-   А монахи? – неуверенно протянул Миша. – А, извините за настырность, наш Спаситель?

-   Монашество это больше лечение самоё себя, а затем уже земных язв. Духовных, да и физических, - шумно выдохнул из себя шеф. – Это я тебе со всей ответственностью заявляю. В1940-м мне довелось жить с неделю, в феврале, в Сергиево-Троицкой лавре. Вместе с послушниками в одной келье. В то время партия уже окончательно повернула на путь возрождения православной церкви. Гонения почти прекратились. Восстанавливались монастыри и церкви. Уже Сталин на одном из заседаний Политбюро открыто заявил: а не пора ли нам, товарищи, ввести патриарха? Без патриарха, знаете ли… Так вот, я наблюдался в лавре нашими спецами и там, и в Главном управлении политпропаганды.  Происходил большой отбор или отсев. Ну, как в Евангелии: зёрна отделялись от плевелов, чтобы последние… Иными словами, надо было доказать, что я это я. То бишь уцелевшее зёрнышко, которое даст свои ростки, побеги… Всяких там людей я видел. Особенно поразил меня старец Зосима. Сам сухонький, бородка как лунь, а глаза живые. Синие и пронзительные. Такой человек… - шеф в лёгком волнении заходил взад-вперёд. – Иной раз спускается во внутренний дворик, где его дожидаются прихожане, что за помощью пришли. Подойдёт к такой группе. Посмотрит и люди без слов всё понимают. Становится легче, и они уходят. Знают, что им делать, чтобы себя спасти и своих родных, близких. Одна женщина к нему ходила, колдовка. Наводила порчу на невестку и сына, потому что первую не принимала. Достала её под конец её же нечистая сила. Но… - шеф легко усмехнулся. Размял большие, пригожие руки: - Она вознамерилась её на святого старца скинуть. Навесить, так сказать, своих собак. Пришла такой тихой сапой. Завернувшись в пёстрый платочек, с заплаканными глазками. Всё причитала: меня дома забижают, мол, жизни от них, охальников, немае. Один раз пришла, другой. Отец Зосима будто её нарочно не замечает. В упор не видит. Затем… Рухнула она ему в ножки: «Прости меня отче  за мои грехи смертные! До гроба буду каяться». Губами его руку ловит, пальцами хватает. А он мягко так свою руку из её пальцев высвобождает. И говорит с улыбкой: «Сестра моя! Ты кусок масла вчера, прейдя вечером, на блюдце  увидала у себя на кухне?   Удивлена, поди, была, откуда оно взялось?» Та заохала, заахала. Слезами обливаться перестала. Но испугалась пуще прежнего. Вскочила и убежала. Он же её следом перекрестил и молвил: «Братья и сестры! Сам я грешник и охальник великий».
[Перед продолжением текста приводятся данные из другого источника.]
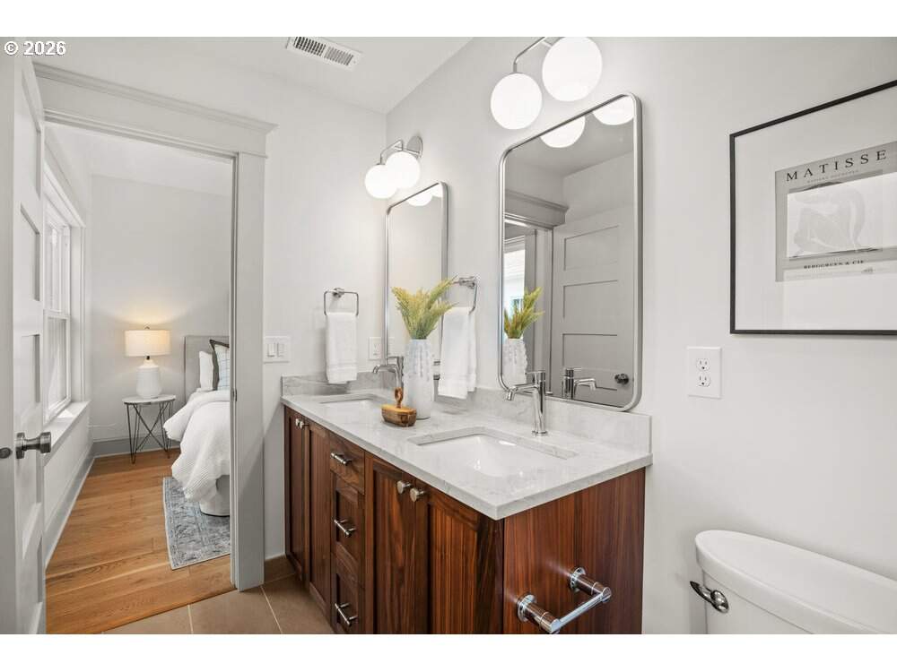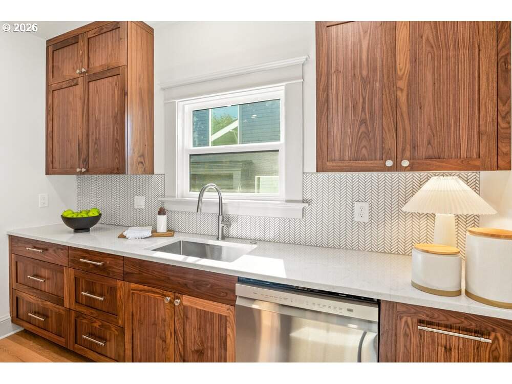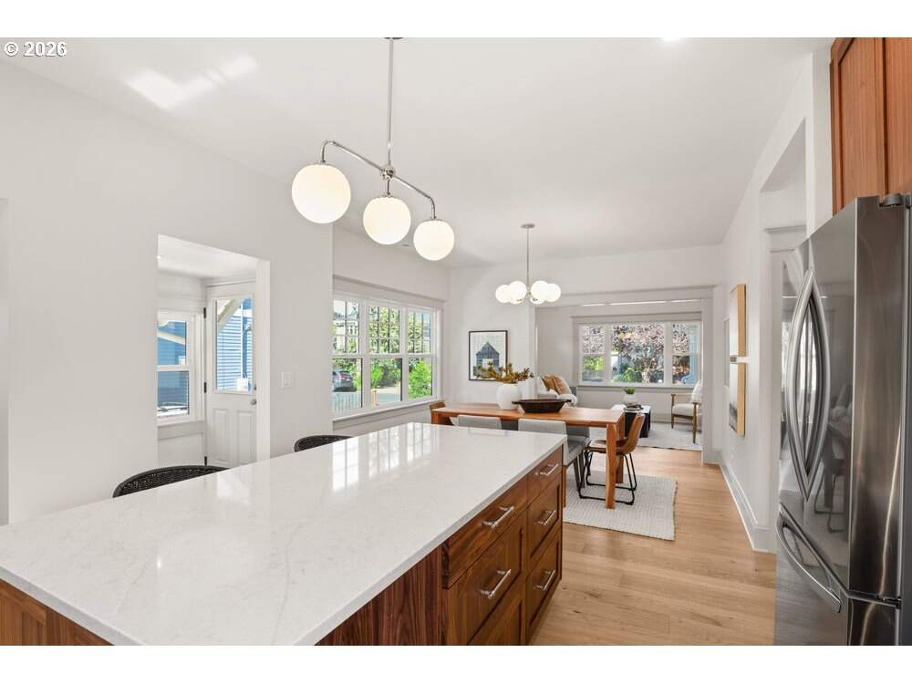 Perfect detached condo alternative with manicured, fenced- in, irrigated front yard and covered porch. Exclusive private driveway and brand new garage. The absolute best of its kind, not a better quality or better designed home in Beverly Cleary school district for $749k. Three blocks from top 10 rated best public HS in Oregon, Grant HS. This 2-bedroom, 2-bathroom residence has been completely reimagined from the ground up, blending elevated design with everyday comfort. Thoughtfully designed by Modd Architecture and brought to life with interiors by Angela Mechaley, this down-to-the-studs renovation is a masterclass in craftsmanship and intentional living. From the moment you arrive, the home's curb appeal is undeniable-classic cedar shingle siding pairs beautifully with all-new, custom-designed landscaping that creates a serene and inviting setting. Inside, you'll find rich, true hardwood floors throughout and a beautifully executed layout that seamlessly combines historic charm with modern sophistication.At the heart of the home, the custom kitchen stuns with handcrafted walnut cabinetry, sleek quartz countertops, designer tilework, and top-tier fixtures-offering both everyday functionality and warm, timeless beauty. Each space is curated with purpose, resulting in an interior that feels cohesive, elevated, and welcoming.The lower level features a spacious and flexible live/work space with its own private entrance and dedicated HVAC system-ideal for a home office, guest quarters, or creative studio. The lower level is also set up and able to be an additional ADU. Located just three blocks from top-rated Grant High School and within the sought-after Beverly Cleary Middle School boundary, this home sits in one of Portland's most vibrant and connected neighborhoods. With tree-lined streets, nearby parks, and easy access to local shops and cafes, 2415 NE 38th Ave Unit A offers not just a home, but a beautifully considered way of life.

-   Понятно, - кивнул Михаил. – Он колдовство её сокровенное увидал, в котором она и в мыслях боялась себе признаться. Гостинчик от нечисти… Избавиться от него следовало ей, чтобы снять с себя проклятие и встать на путь искупления.

-   Так да не так. Не только это, сыне. Он себя с ней, особой этой греховной, чуть ли не в один ряд ставил. Сравнивал… в мыслях, как говорится, чего не попустишь? Кроме всего, всё старцы святые так же о себе мыслили. Писали и говорили пастве. Грешниками себя великими полагали.

   В ту же минуту на выключенном телемониторе пульта охраны замигала красная лампочка. Александр Андреевич немедленно включил его. В тесной комнатушке КПП двое охранников, один спиной, а другой ликом к пульту, подавали в разные стороны почти одинаковые знаки. Шеф переключился на пульт видеонаблюдения двора. Там стояла чёрная «десятка» начальника отдела «собственников». В ту же секунду по бетонному покрытию бункера, где стояла пронзительная тишина, застучали поразительно-знакомые, торопливые шаги. Кто-то бежал, почти летел…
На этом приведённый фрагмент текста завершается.